• Exercise objective:
Of all the entries below, only the lines from the one with "- Да-а-а - замислено" up to and including the one with "MACD with MACD" are to be duplicated exactly.

### Data ###

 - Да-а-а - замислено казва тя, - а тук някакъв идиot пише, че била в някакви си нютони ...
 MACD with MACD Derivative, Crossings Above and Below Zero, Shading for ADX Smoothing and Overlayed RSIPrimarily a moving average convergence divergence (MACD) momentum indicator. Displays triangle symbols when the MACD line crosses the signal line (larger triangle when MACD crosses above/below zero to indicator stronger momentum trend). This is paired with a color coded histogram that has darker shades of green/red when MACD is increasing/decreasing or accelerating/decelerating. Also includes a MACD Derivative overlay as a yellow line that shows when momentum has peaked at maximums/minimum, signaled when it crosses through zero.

###
### Data ###

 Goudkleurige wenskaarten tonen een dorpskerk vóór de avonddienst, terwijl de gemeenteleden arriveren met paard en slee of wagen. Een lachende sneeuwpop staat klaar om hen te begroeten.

###
### Data ###

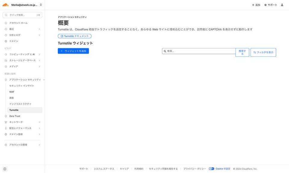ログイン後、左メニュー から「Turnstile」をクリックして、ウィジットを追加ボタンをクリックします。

###

• Result for this task:
 - Да-а-а - замислено казва тя, - а тук някакъв идиot пише, че била в някакви си нютони ...
 MACD with MACD Derivative, Crossings Above and Below Zero, Shading for ADX Smoothing and Overlayed RSIPrimarily a moving average convergence divergence (MACD) momentum indicator. Displays triangle symbols when the MACD line crosses the signal line (larger triangle when MACD crosses above/below zero to indicator stronger momentum trend). This is paired with a color coded histogram that has darker shades of green/red when MACD is increasing/decreasing or accelerating/decelerating. Also includes a MACD Derivative overlay as a yellow line that shows when momentum has peaked at maximums/minimum, signaled when it crosses through zero.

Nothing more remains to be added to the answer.